Denis Campbell Health policy editor 

NHS England hopes to save thousands of lives with pill that helps smokers quit

Experts say once-a-day varenicline tablet reduces nicotine cravings and side-effects from cutting out tobacco
  
  

A person lighting a cigarette
About 85,000 people a year in England will be offered the pill as part of NHS efforts to reduce the number of smokers. Photograph: Jonathan Brady/PA

Hundreds of thousands of smokers will be given a pill that increases people’s chances of quitting, in a move that NHS bosses believe will save thousands of lives.

About 85,000 people a year in England will be offered the chance to use varenicline, a once-a-day tablet that experts say is as effective as vapes at helping people to kick the habit.

Amanda Pritchard, the chief executive of NHS England, hailed the pill as a potential “gamechanger” in the fight to tackle smoking and the huge harm to health it causes.

The drug helps people to quit by reducing their cravings for nicotine and ensuring that it cannot affect the brain in its usual way. It has also been found to reduce the side-effects smokers can experience when they stop using tobacco, such as trouble sleeping and irritability.

The NHS in England will give varenicline as part of its efforts to keep driving down the number of people who smoke. A decline in smoking rates over the past 20 years means that only 11.6% of adults in England still have the habit – about 6 million people.
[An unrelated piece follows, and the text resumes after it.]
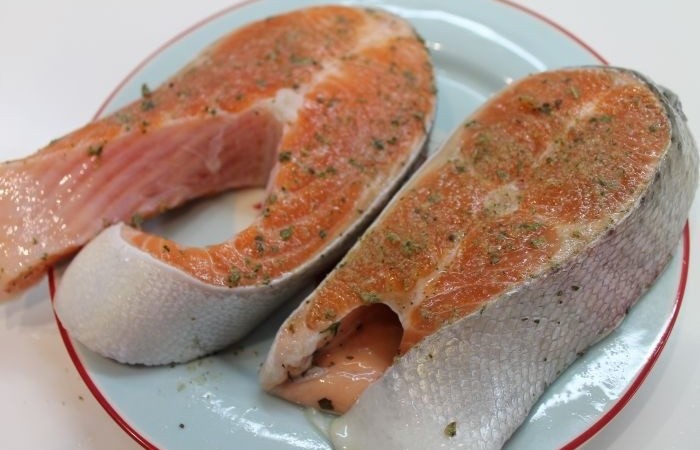 2Форель натираем со всех сторон специями и оставляем мариноваться на 15 минут.

Health service bosses hope its use will lead to 9,500 fewer smoking-related deaths over the next five years.

The drug – known at the time as Champix – began being used in 2006 and was taken by about 85,800 people a year until July 2021. It then became unavailable after the Medicines and Healthcare products Regulatory Agency (MHRA), which regulates drugs, found impurities in it.

That problem has now been addressed to the MHRA’s satisfaction and it has recently approved a generic version of the drug, which NHS England will use. It cited research by University College London that found it would save £1.65 in healthcare costs for every £1 it spent on the pill.

The pharmaceutical firm Teva UK will provide the generic version of the drug.

Smoking experts welcomed varenicline’s return. Dr Nicola Lindson, an associate professor at Oxford university, said: “[It] is one of the most effective ways to quit smoking, especially when combined with behavioural support, such as counselling.”

Hazel Cheeseman, the chief executive of Action on Smoking and Health, welcomed the move but said the NHS also needed to improve the help it gives to smokers to quit.

Meanwhile, hospital bosses in England have said Labour will fail in its mission to get NHS waiting times back on track by the end of this parliament. In a survey by NHS Providers, the bosses of all acute health trusts that took part said they thought it was unlikely or very unlikely that waits for routine hospital care would be back to 18 weeks – the maximum set out in the NHS constitution – by mid-2029.

One trust boss said: “The government have got the most focus on getting back to 18 weeks, which is the hardest standard to meet of all. If you think, there were seven million people on a waiting list, and as fast as you take them off, currently we’re putting more people on.”

The £22bn extra guaranteed to the NHS by the chancellor over the next two years will not be enough to overcome the service’s deeply ingrained problems, such as lack of access to GPs, an increasingly sick population and difficulty discharging patients who are medically fit to leave, trust bosses say.

Saffron Cordery, NHS Providers’ deputy chief executive, said: “There will be progress [on the 18-week target] but can trust leaders, with hand on heart, say that they’re going to meet that 18-week standard [by 2029]? I think that is really difficult and challenging to predict.”

The survey of 171 trust leaders from 118 trusts also identified nervousness about how the NHS in England would cope with the coming winter.